Julien observa que la conversation était ordinairement maintenue vivante par deux vicomtes et cinq barons que M. de La Mole avait connus dans l’émigration. Ces messieurs jouissaient de six à huit mille livres de rente ; quatre tenaient pour la Quotidienne, et trois pour la Gazette de France. L’un d’eux avait tous les jours à raconter quelque anecdote du Château où le mot admirable n’était pas épargné.

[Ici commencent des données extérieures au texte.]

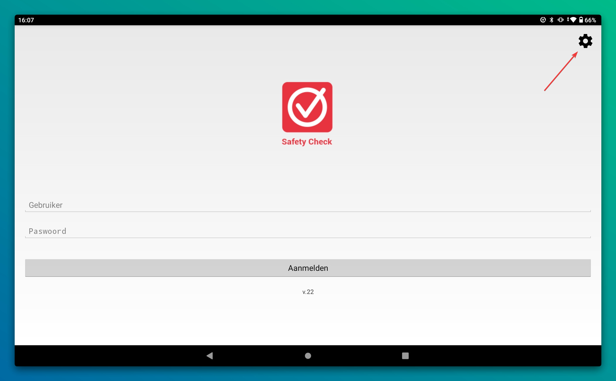 Het eerste scherm dat je te zien krijgt is het login scherm. Eer we kunnen inloggen en inspecties kunnen doen moeten we eerst de server instellen. Dat doen we met het tandwiel icoon rechts bovenaan het scherm.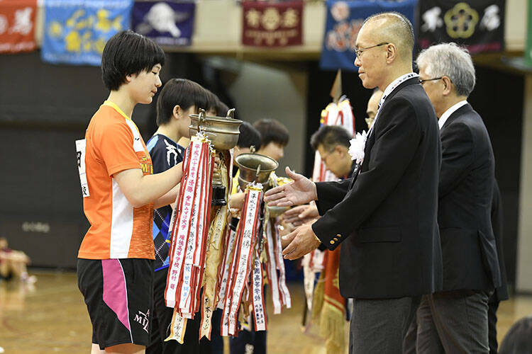 女子は学校対抗は四天王寺、シングルスは野村萌(中田絵梨奈が代理)が優勝杯を返還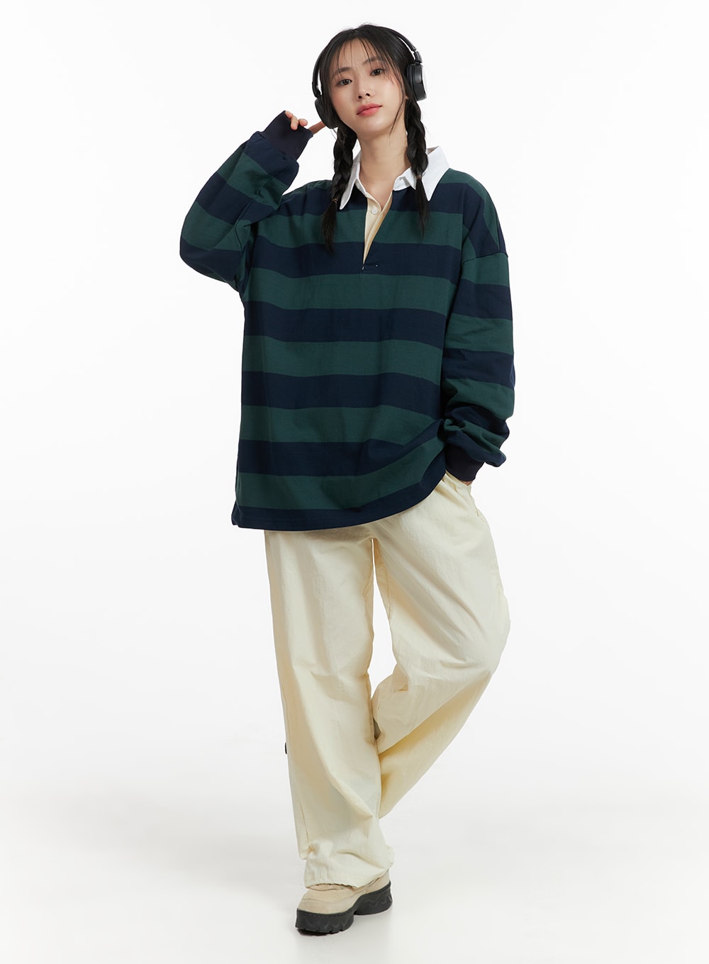 Wide Leg Drawstring Parachute Jogger Pants OM408

Julien remarqua qu’il avait cinq croix, les autres n’en avaient en général que trois.
En revanche, on voyait dans l’antichambre dix laquais en livrée ; et toute la soirée, on avait des glaces ou du thé tous les quarts d’heure ; et, sur le minuit, une espèce de souper avec du vin de Champagne.
C’était la raison qui quelquefois faisait rester Julien jusqu’à la fin ; du reste, il ne comprenait presque pas que l’on pût écouter sérieusement la conversation ordinaire de ce salon si magnifiquement doré. Quelquefois il regardait les interlocuteurs, pour voir si eux-mêmes ne se moquaient pas de ce qu’ils disaient. Mon M. de Maistre, que je sais par cœur, a dit cent fois mieux, pensait-il, et encore est-il bien ennuyeux.
Julien n’était pas le seul à s’apercevoir de l’asphyxie morale. Les uns se consolaient en prenant force glaces ; les autres par le plaisir de dire tout le reste de la soirée : Je sors de l’hôtel de La Mole, où j’ai su que la Russie, etc.
Julien apprit, d’un des complaisants, qu’il n’y avait pas encore six mois que Mme de La Mole avait récompensé une assiduité de plus de vingt années, en faisant préfet le pauvre baron Le Bourguignon, sous-préfet depuis la Restauration.
Ce grand événement avait retrempé le zèle de tous ces messieurs ; ils se seraient fâchés de bien peu de chose auparavant, ils ne se fâchèrent plus de rien. Rarement le manque d’égards était direct, mais Julien avait déjà surpris à table, deux ou trois petits dialogues brefs, entre le marquis et sa femme, cruels pour ceux qui étaient placés auprès d’eux. Ces nobles personnages ne dissimulaient pas le mépris sincère pour tout ce qui n’était pas issu de gens montant dans les carrosses du roi. Julien observa que le mot croisade était le seul qui donnât à leur figure l’expression du sérieux profond mêlé de respect. Le respect ordinaire avait toujours une nuance de complaisance.